The architecture is simple: jot add "..." writes to SQLite and returns immediately. A detached background worker picks up the note and sends it to a local model for enrichment. By the time I next search or summarize, the note already has tags, action items, linked notes, and an urgency flag. None of it required waiting.

Two problems

Cloud note-taking has a privacy problem. Every note I write lives on someone else's server. For personal logs, meeting notes, and work context, that's a real concern, not a theoretical one.

API-based AI analysis has a cost problem. Running every note through a frontier model adds up. For background enrichment across hundreds of notes over months, the per-token cost isn't zero. Local models solve both: they run on my machine, they cost nothing per query, and they're good enough at classification, tagging, and extraction.

Instant capture, async analysis

The core architecture: instant capture, async enrichment.

jot add "met with advisor, discussed timeline for paper, need draft by June 1"

That saves to SQLite immediately and returns an ID. Done. In the background, a detached worker process picks up the note and sends it to the local model. The model extracts tags, action items, linked notes, and project associations. Those get written back to the note record.

The capture path has zero AI latency. The enrichment path runs offline, async, at whatever pace the local model handles. By the time I next search or summarize, the note is fully analyzed. I didn't wait for any of it.

This is the same pattern lobs-core uses for agent workers: submit fast, process in background, query the results later. It works for notes for the same reason it works for agent tasks. The user doesn't want to wait for enrichment that can happen after the fact.

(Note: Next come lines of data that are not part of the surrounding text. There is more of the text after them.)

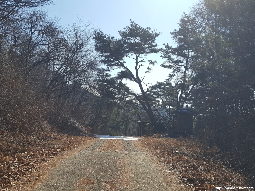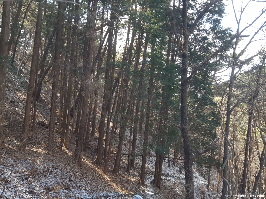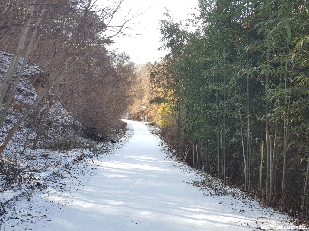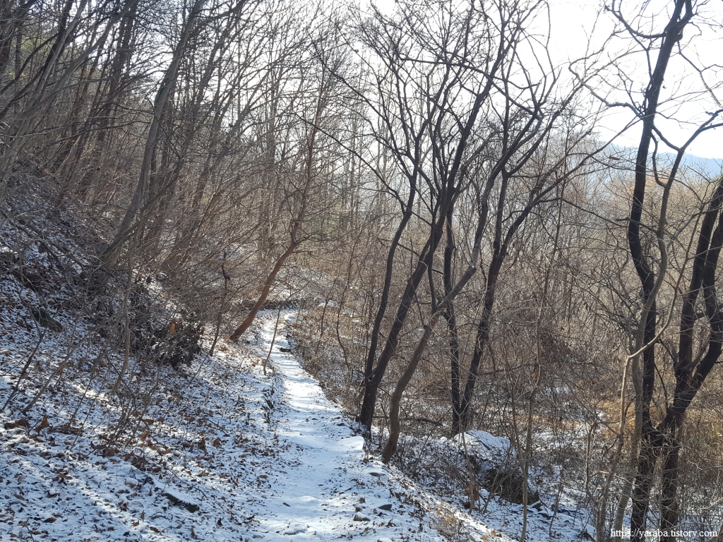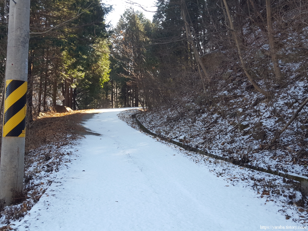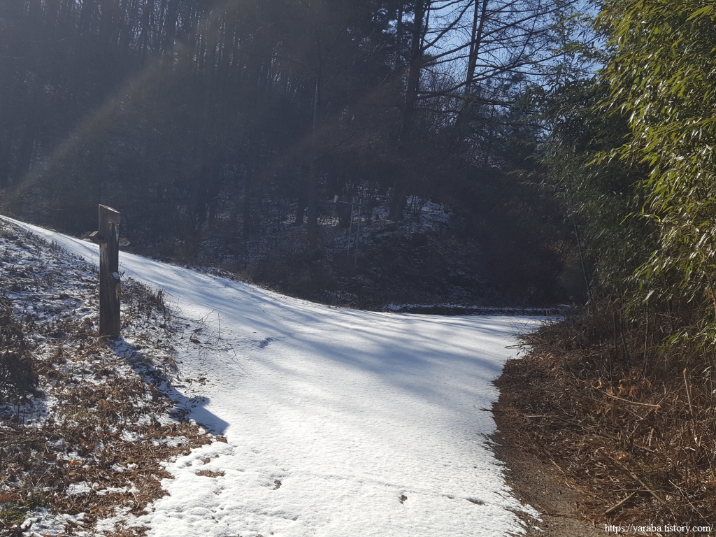 두껍게 깔린 눈은 아니지만 눈길을 지나서 드디어 양이터재 고개에 이른다.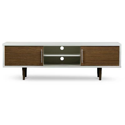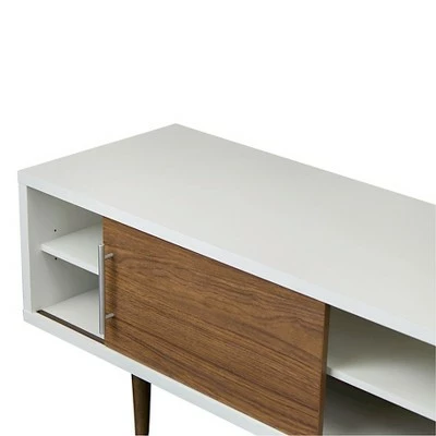 Twin tones intertwine intensely in our Gemini Wood Contemporary TV Stand. Boasting a compellingly contrasting white-and-walnut faux wood-grain paper veneer, this TV stand brings sensational styling to your entertainment center. Genuine metal sliding-door pulls and tapered black legs create a dynamic presence at a discount price. Dimensions: 20.5″ High x 66″ Wide x 17.75″ Long; Left& Right Cabinet: 11.1″ High x 20.75″ Wide x 16″ Deep; Middle shelves: 5.25″ High x 21″ Wide x 15.75″ Deep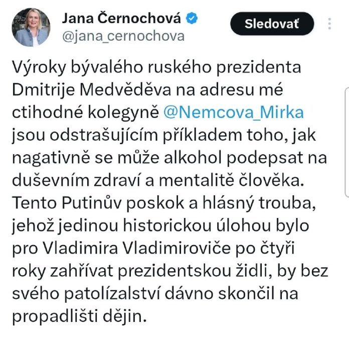 ?ernochovej sa nepá?ila reakcia Medvedeva na ?eskú senátorku, ktorá mala so svojom príspevku vyzýva? na opätovnú blokádu Leningradu. Tá tvrdí, že príspevok nenapísala…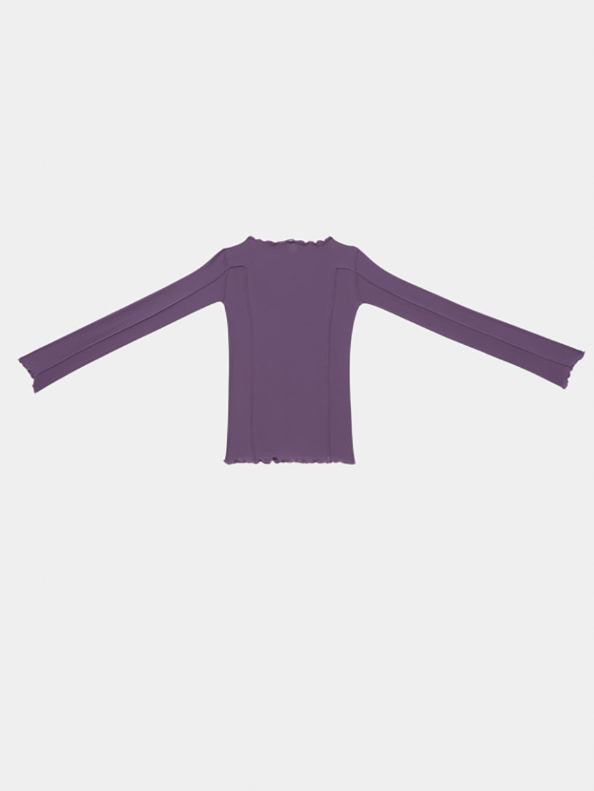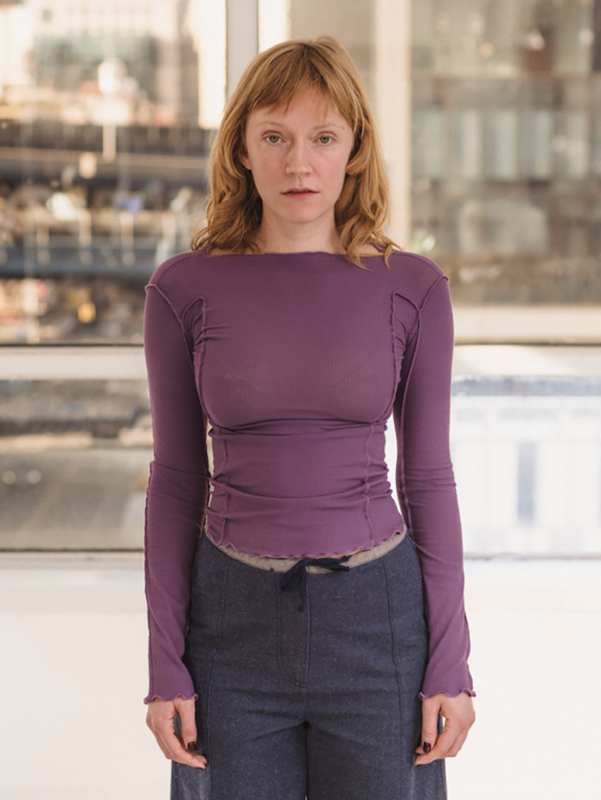 Organic cotton rib long sleeve with boatneck, exposed contrast seams, lettuce edge at neckline and hems.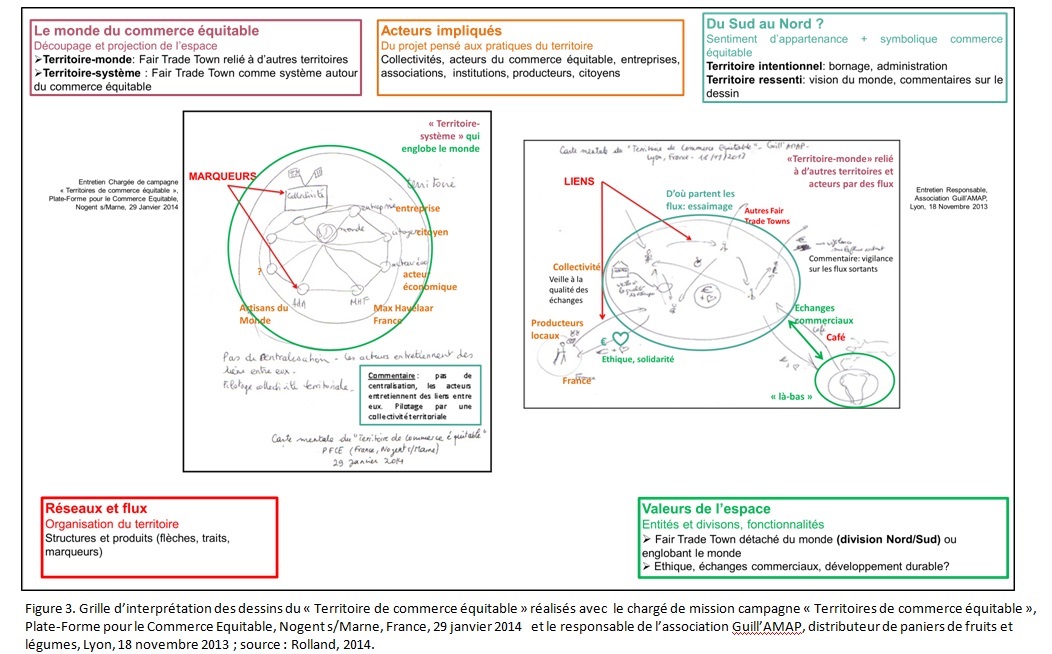 Deux lectures du territoire apparaissent. L’une exprime des valeurs, des idéaux, de l’ordre de l’intime, relatifs au commerce équitable à , l’autre illustre des éléments d’un territoire perçu dans sa dimension collective. Les dessins révèlent à la fois un territoire intentionnel (administration, drapeau, collectivité nommée et délimitée) et un territoire ressenti relevant des symboliques spatiales du commerce équitable (cœurs, échanges Nord Sud, liens entre acteurs).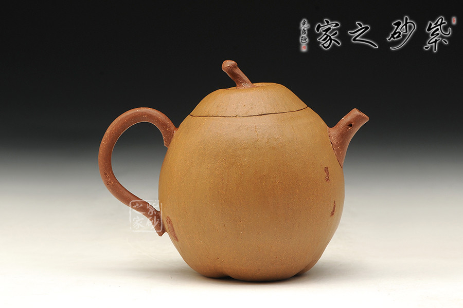 中青年優(yōu)秀陶藝家莊紅陽,精于手工制壺,注重作品的原創(chuàng)性,性價比高。原礦段泥燒制溫度較難把握,溫度不夠,紫砂壺易吐黑,肌理質堅而溫潤,適合沖泡未發(fā)酵與半發(fā)酵類茶。塑器本身似一只香味四溢的梨子,別致精巧,形象逼真。初觀此器,溫文爾雅,壺身與壺蓋渾然一體,形似香梨,其成色亦十分近似。嘴、把、鈕則以梨枝塑之,內蘊自然之趣。老師以雙色泥制作,其成型難度翻倍,作品預示著秋收之時豐收的喜悅。

What the local model extracts

For each note, the model pulls out:

  • Tags: topic labels
  • Action items: things that need to happen
  • Linked notes: other notes in the database this one relates to
  • Projects and people: structured entities mentioned in the text
  • Urgency flag: whether this note describes something time-sensitive

None of this requires a frontier model. A local Qwen or Llama running in LM Studio handles it well. The prompts are straightforward structured extraction: "here is a note, extract the following fields." Local models are reliable at this class of task. The tradeoff (lower quality on creative or complex reasoning) doesn't matter for tagging.

The extracted data lands in SQLite alongside the raw note. jot search "paper deadline" queries against raw content and extracted fields. jot summarize aggregates action items and tag frequency across all notes. The AI did the work asynchronously; the query is just a database read.

The three-tier daemon

Jot runs a background daemon with three tiers of proactive behavior.

Tier 1 runs every 15 minutes: sync Gmail and Google Calendar (if connected), analyze any unprocessed notes, check for overdue todos. Cheap, fast, runs constantly in the background.

Tier 2 runs at 7:30am: generate a daily digest of outstanding action items, upcoming calendar events, and open todos. Delivered to Discord or the terminal.

Tier 3 is event-driven: fires immediately on overdue todos, urgent note flags, or high-priority incoming email.

The tier structure exists for the same reason lobs-core's monitor uses rule detectors before LLM calls: most checks should be cheap and produce nothing. Only the morning digest involves a real LLM call to produce human-readable output. Everything else is rule evaluation on structured data already in SQLite.

The learning file

All prompts inject ~/.jot/user.md, a two-section file. The first section is manual: a short description of who I am, what I'm working on, and what kinds of notes I take. The second section is auto-maintained: after each batch of analysis, the model appends new things it learned about me. Recurring people, active projects, patterns in my notes.

Over time, the tagging improves because the model understands context. A note about "the advisor meeting" gets tagged correctly because the user file already says who my advisor is and what project we're working on. The accuracy compounds over weeks.

The full file is plain markdown. I can read it, edit it, or delete the auto-learned section if it drifts. No black-box model state anywhere.

What it replaced

I used to take notes in a markdown file, grep for things occasionally, and lose most action items by the next day. The capture was fine; the retrieval was manual and unreliable.

Jot didn't change the capture behavior, just moved the target from a markdown file to a SQLite row. It added async enrichment, structured search, and a daemon that surfaces what I'd otherwise forget. The notes still live entirely on my machine. The AI made them queryable and proactive. That's the whole thing.